_EXERCISE:_ All that is wanted is the exact text of the lines below from the one with "500 グリラの小冊子 レテ村の雑貨屋から。" through the one with "it is lightly", inclusive, minus any pictures.

_DATA:_
══════════
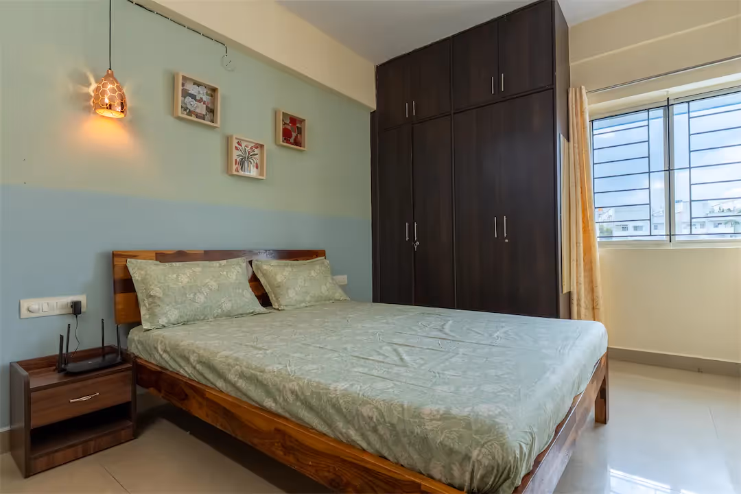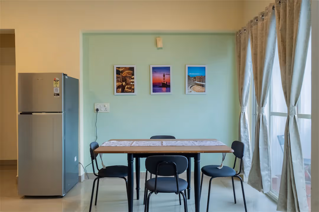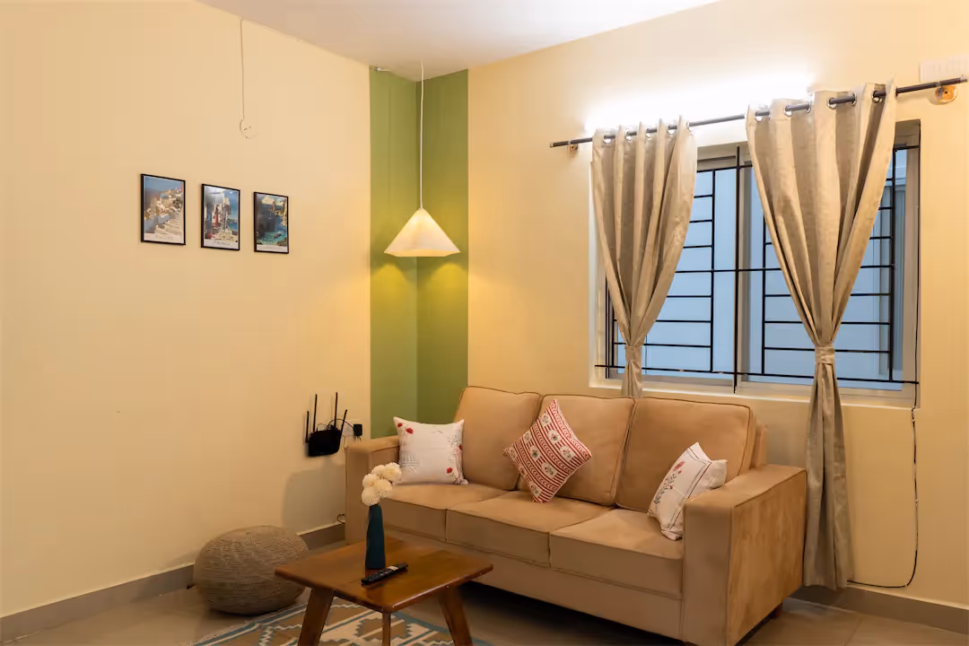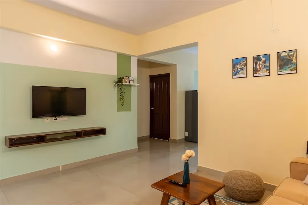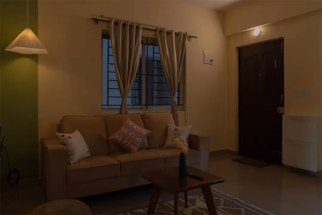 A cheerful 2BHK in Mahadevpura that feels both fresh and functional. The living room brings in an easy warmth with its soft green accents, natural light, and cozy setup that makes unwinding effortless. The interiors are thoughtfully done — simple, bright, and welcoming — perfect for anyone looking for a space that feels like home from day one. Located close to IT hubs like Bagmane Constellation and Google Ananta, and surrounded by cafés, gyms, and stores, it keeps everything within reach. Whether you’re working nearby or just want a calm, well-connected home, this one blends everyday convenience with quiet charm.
══════════
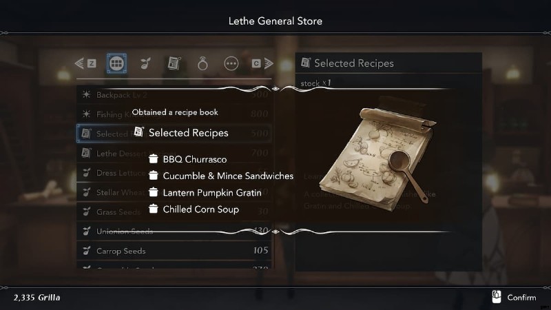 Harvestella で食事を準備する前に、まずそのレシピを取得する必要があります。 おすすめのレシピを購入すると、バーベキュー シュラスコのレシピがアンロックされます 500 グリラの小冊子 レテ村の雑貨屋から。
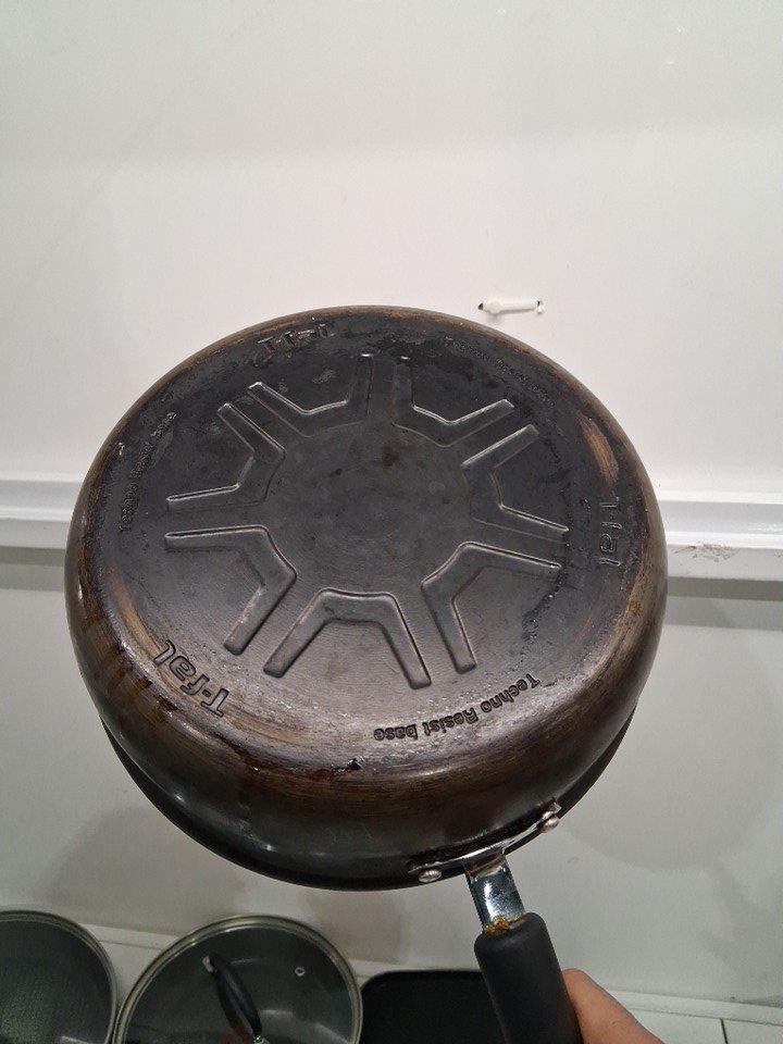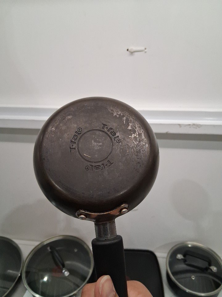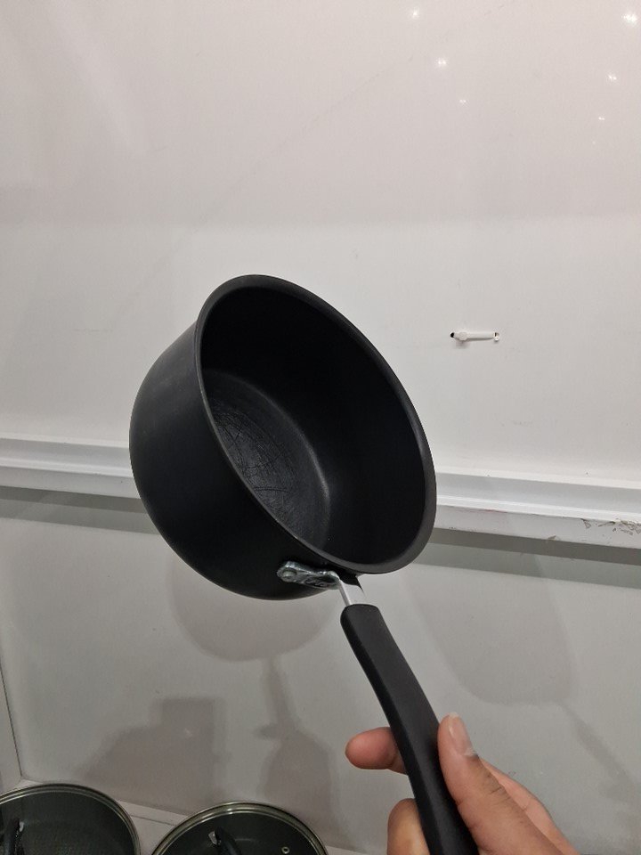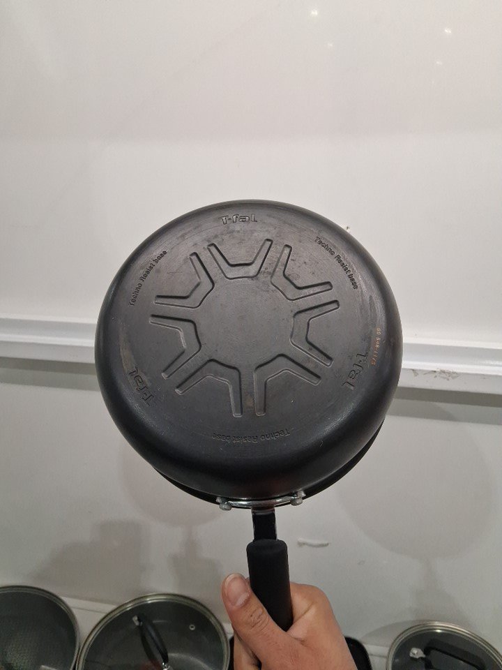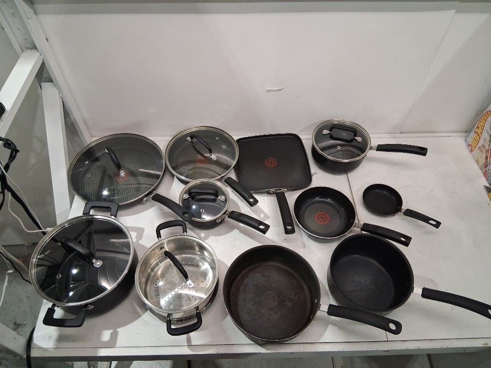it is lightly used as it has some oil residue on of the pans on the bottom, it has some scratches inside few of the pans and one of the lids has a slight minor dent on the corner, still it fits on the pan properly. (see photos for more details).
══════════
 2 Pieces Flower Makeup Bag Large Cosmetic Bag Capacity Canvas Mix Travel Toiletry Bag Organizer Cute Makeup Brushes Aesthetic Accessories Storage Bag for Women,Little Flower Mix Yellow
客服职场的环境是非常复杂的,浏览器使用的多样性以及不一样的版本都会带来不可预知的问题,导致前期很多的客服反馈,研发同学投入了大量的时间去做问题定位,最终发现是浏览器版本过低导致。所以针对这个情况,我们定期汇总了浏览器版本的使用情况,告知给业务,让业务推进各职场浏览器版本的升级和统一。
══════════
_ANSWER FOR THIS EXERCISE:_
 Harvestella で食事を準備する前に、まずそのレシピを取得する必要があります。 おすすめのレシピを購入すると、バーベキュー シュラスコのレシピがアンロックされます 500 グリラの小冊子 レテ村の雑貨屋から。
it is lightly used as it has some oil residue on of the pans on the bottom, it has some scratches inside few of the pans and one of the lids has a slight minor dent on the corner, still it fits on the pan properly. (see photos for more details).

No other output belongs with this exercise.